[Exercise]
The output should be the listing below, limited to the lines from the one with "- LIGHTWEIGHT, WARM" through the one with "選べる16カラートレーナー メンズ レディース", exact and without pictures.

Excerpted records Block Start

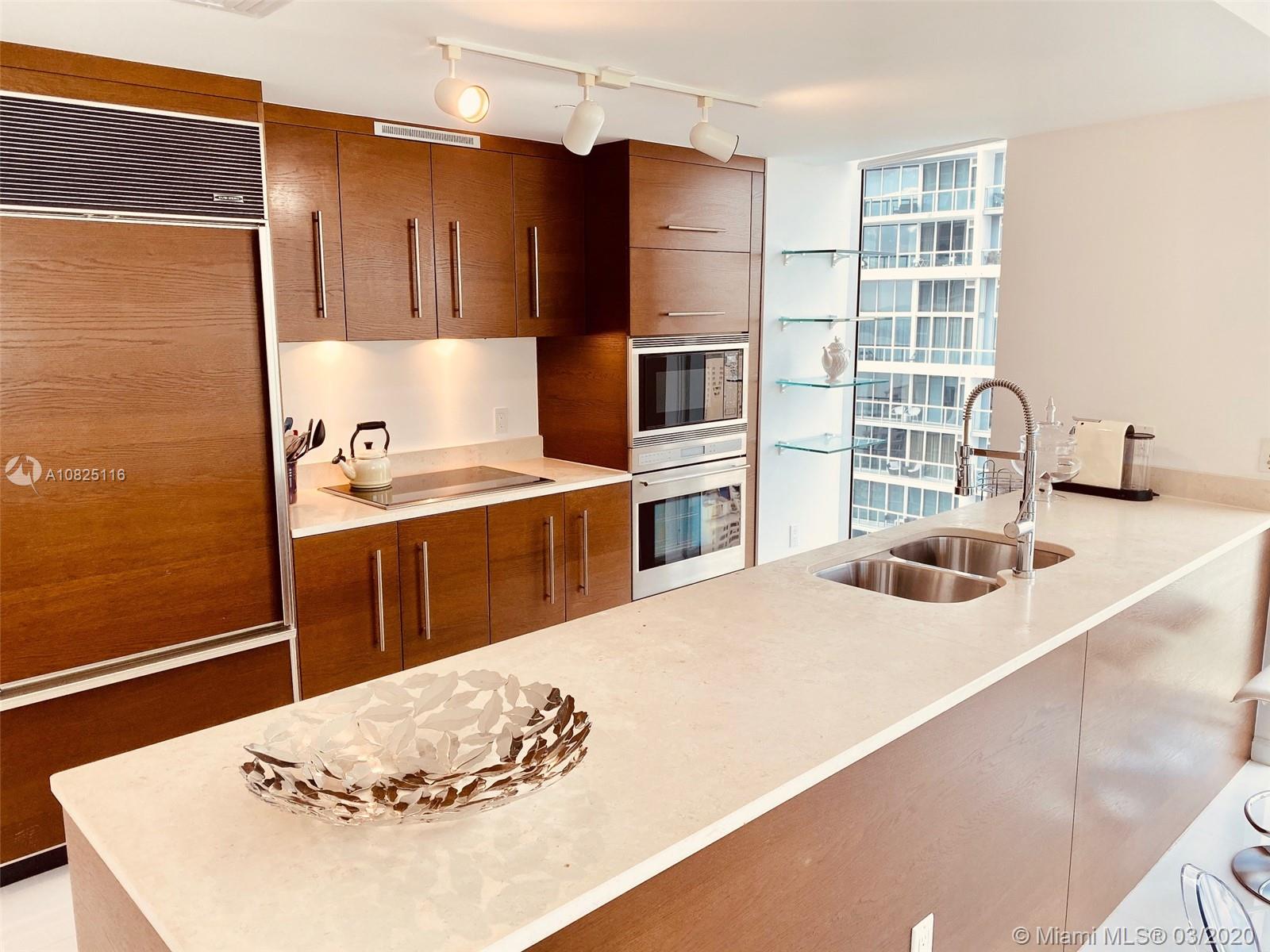 STUNNING CORNER UNIT WITH AMAZING VIEWS TO THE CITY, THE MIAMI RIVER, PORT OF MIAMI AND THE OCEAN. LIGHT-FILLED RESIDENCE IN THE SKY WITH BREATHTAKING VIEWS. OPEN CONCEPT CONTEMPORARY SPLIT FLOOR PLAN FEATURING A LIVING ROOM WITH A CONVENIENT BREAKFAST BAR. EUROPEAN CUSTOM CABINETRY, WITH QUARTZ COUNTERTOPS AND SUB-ZERO FULLY INTEGRATED REFRIGERATOR-FREEZER WITH CABINETRY MATCHING FRONT PANELS. WHITE PORCELAIN FLOORS THROUGHOUT THE RESIDENCE, WINDOW TREATMENT IN EVERY ROOM AND CUSTOM MADE CLOSETS.
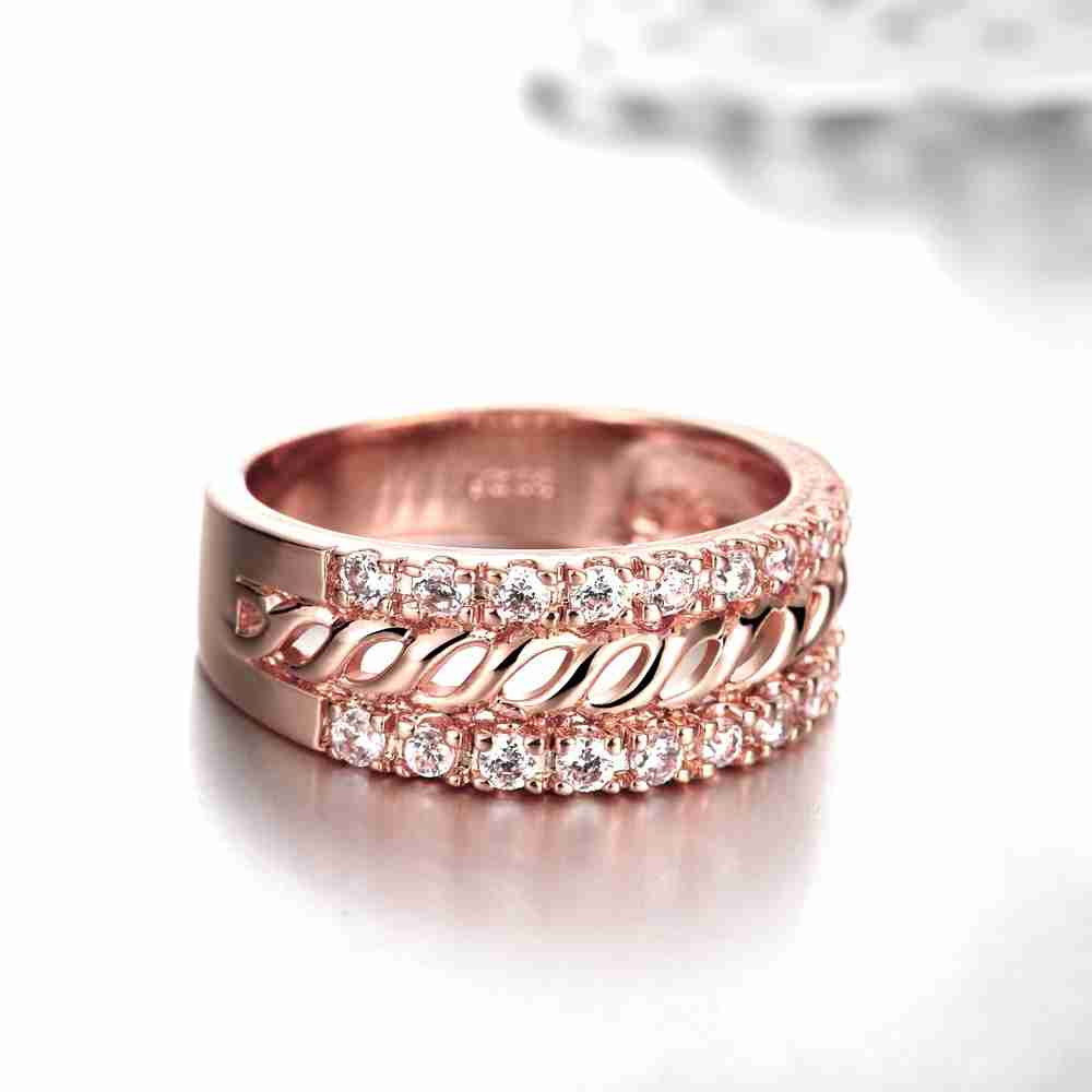 Lovely 18K Gold Plating engagement ring Chain side crystal anillos collier plastron ELY
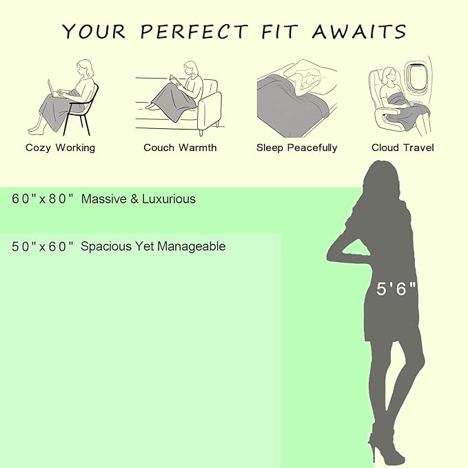 - LIGHTWEIGHT, WARM THROW BLANKET: 50 x 60 in (127 x 152 cm) / 2LBS. The perfect versatile size. Lightweight and keeps you nice and warm, suitable for all seasons. This throw blanket provides the perfect level of coziness.
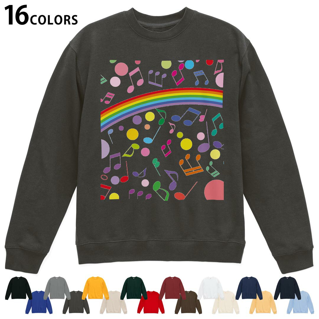 選べる16カラートレーナー メンズ レディース ユニセックス 長袖 デザイン S M L XL 2XL sweatshirt trainer スウェット 007196 音符 カラフル
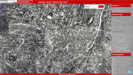 alte Stadtmodelle Katasterkarten und Uraufnahmen, Katastrophenkarten und Luftangriffe, Stadtentwicklungskarten, Luft- und Satellitenaufnahmen verschiedener Epochen Baulinien Stadtbäche Interessante Gebäude, Sehenswürdigkeiten, alte Luftaufnahmen.
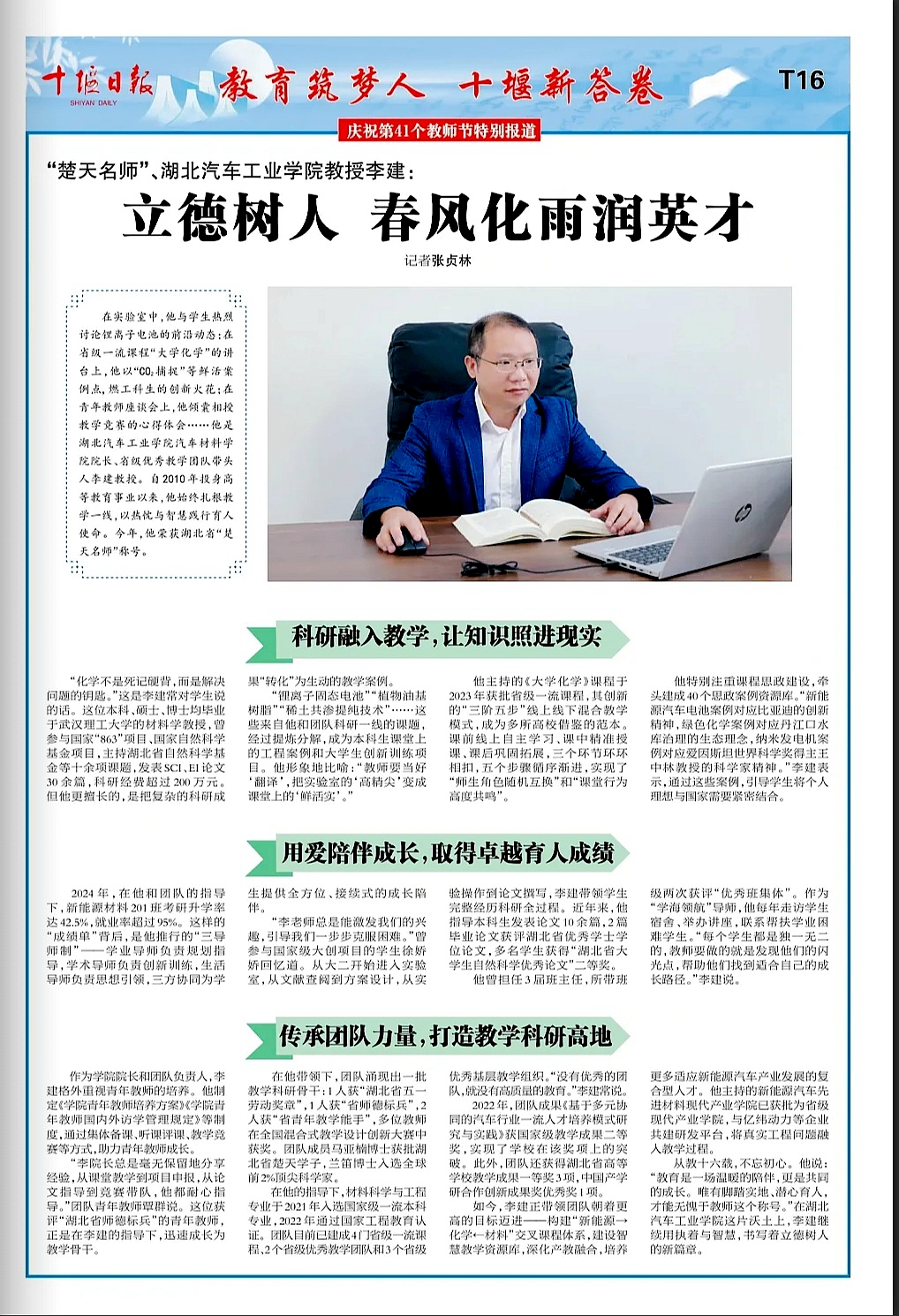 如今,李建正带领团队朝着更高的目标迈进——构建“新能源→化学←材料”交叉课程体系,建设智慧教学资源库,深化产教融合,培养更多适应新能源汽车产业发展的复合型人才。他主持的新能源汽车先进材料现代产业学院已获批为省级现代产业学院,与亿纬动力等企业共建研发平台,将真实工程问题融入教学过程。
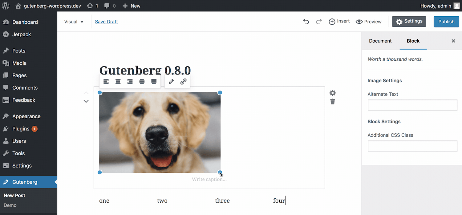 Gutenberg 0.8.0 добавляет обработчики размеров в существующий блок изображений, что упрощает для пользователей вставку и быстрое изгабаритное изображение. Если вы просмотрите билет GitHub на эту функцию, становится ясно, что его было непросто реализовать. Изображение изменения прошла через несколько изменений и, возможно, больше вниз по дороге, тем более, что она относится к поведению подписи. В конечном счете, поле подписи не должно быть шире изображения, чтобы они были расположены вместе.
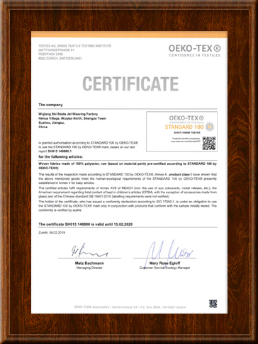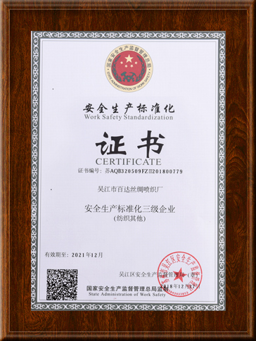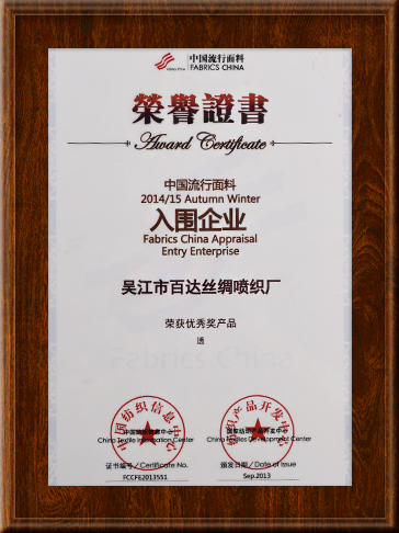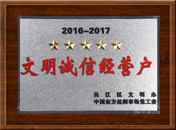 公司先后被评为:“工人先锋号”、“文明经营户”、“中国流行面料入围企业”、“中国盛泽丝绸化纤指数-指定采样点”、“2011年转型升级先进企业”、“江苏省企业信用管理贯标证书”、“企业信用等级证书AAA级”、“2014-2015年AAAAA级文明诚信经营户”称号
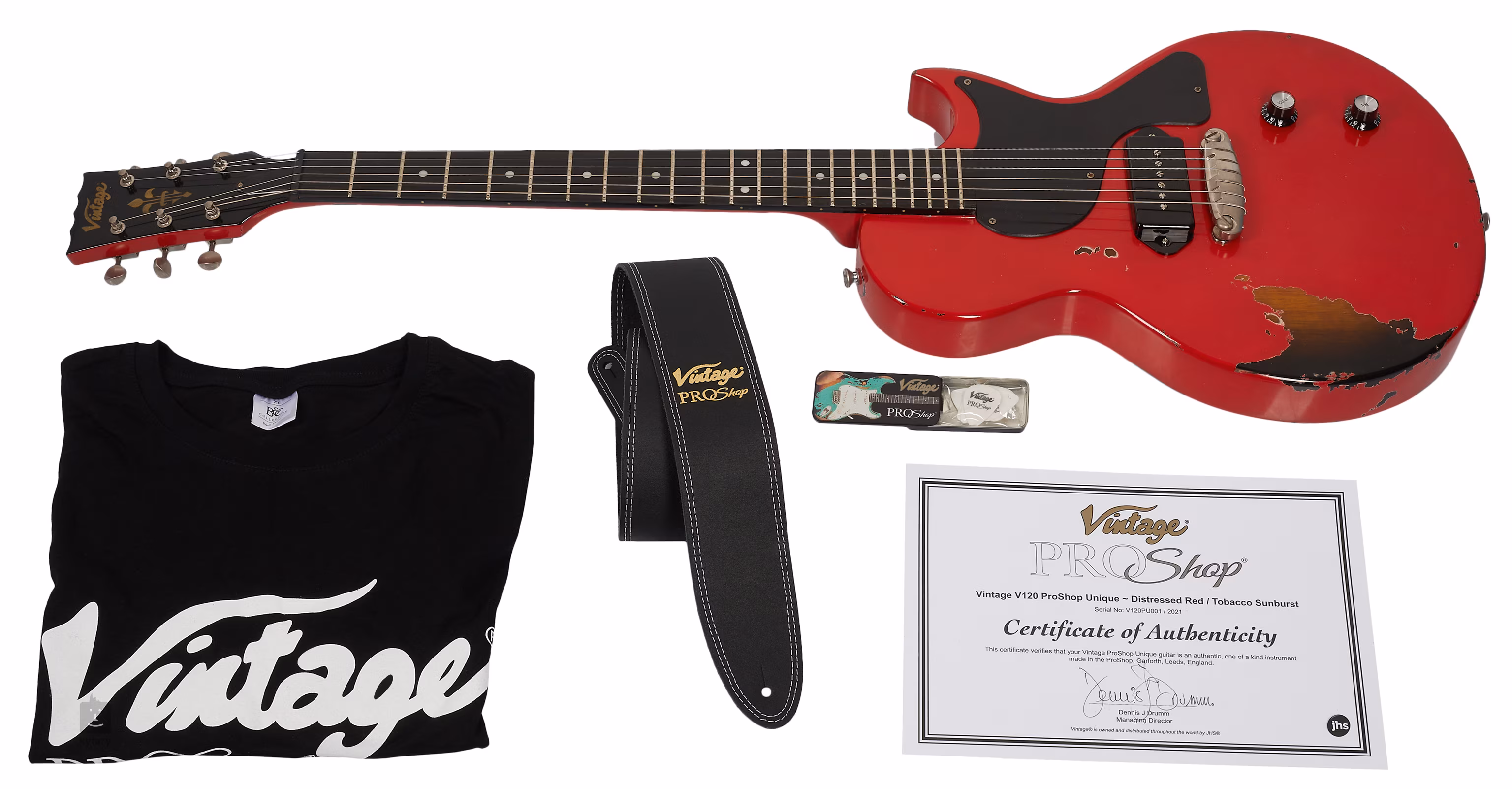 Vintage V120PU001 Proshop Distressed Red Tobacco Burst (rozpakowane)

Excerpted records Block End

[Exercise solution]
 - LIGHTWEIGHT, WARM THROW BLANKET: 50 x 60 in (127 x 152 cm) / 2LBS. The perfect versatile size. Lightweight and keeps you nice and warm, suitable for all seasons. This throw blanket provides the perfect level of coziness.
 選べる16カラートレーナー メンズ レディース ユニセックス 長袖 デザイン S M L XL 2XL sweatshirt trainer スウェット 007196 音符 カラフル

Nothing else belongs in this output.